_TASK TO COMPLETE_
In the entries that follow, find every line containing "yang" and copy it.

_AVAILABLE RECORDS_
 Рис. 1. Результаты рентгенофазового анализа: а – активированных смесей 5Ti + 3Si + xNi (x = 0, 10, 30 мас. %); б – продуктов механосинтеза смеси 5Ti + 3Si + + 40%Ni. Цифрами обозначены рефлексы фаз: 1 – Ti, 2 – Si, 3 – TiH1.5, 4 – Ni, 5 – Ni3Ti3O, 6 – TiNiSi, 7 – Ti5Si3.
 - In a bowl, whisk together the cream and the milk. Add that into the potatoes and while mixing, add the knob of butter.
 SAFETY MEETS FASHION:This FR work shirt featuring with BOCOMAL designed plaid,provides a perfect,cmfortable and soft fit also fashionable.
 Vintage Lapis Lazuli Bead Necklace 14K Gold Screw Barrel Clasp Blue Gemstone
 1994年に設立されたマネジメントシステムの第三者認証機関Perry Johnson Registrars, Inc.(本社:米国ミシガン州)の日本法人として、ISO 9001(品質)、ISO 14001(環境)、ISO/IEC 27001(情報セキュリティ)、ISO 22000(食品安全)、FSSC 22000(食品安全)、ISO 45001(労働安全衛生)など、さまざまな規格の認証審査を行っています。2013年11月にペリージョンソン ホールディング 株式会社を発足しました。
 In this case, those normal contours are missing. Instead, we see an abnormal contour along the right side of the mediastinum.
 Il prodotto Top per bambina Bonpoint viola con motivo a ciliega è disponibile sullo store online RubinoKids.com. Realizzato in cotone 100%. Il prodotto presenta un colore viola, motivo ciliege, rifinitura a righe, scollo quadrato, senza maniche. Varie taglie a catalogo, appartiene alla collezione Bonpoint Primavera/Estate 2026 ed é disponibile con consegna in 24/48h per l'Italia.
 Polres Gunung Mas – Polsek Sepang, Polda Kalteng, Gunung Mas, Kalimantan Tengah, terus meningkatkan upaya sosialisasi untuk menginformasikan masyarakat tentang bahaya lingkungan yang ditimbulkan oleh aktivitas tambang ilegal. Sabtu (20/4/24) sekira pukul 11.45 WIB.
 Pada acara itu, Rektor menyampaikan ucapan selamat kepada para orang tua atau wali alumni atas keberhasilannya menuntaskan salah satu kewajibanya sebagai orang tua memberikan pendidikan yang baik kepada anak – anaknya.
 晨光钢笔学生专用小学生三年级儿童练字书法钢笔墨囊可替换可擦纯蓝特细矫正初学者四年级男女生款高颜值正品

_TASK SOLUTION_
 Polres Gunung Mas – Polsek Sepang, Polda Kalteng, Gunung Mas, Kalimantan Tengah, terus meningkatkan upaya sosialisasi untuk menginformasikan masyarakat tentang bahaya lingkungan yang ditimbulkan oleh aktivitas tambang ilegal. Sabtu (20/4/24) sekira pukul 11.45 WIB.
 Pada acara itu, Rektor menyampaikan ucapan selamat kepada para orang tua atau wali alumni atas keberhasilannya menuntaskan salah satu kewajibanya sebagai orang tua memberikan pendidikan yang baik kepada anak – anaknya.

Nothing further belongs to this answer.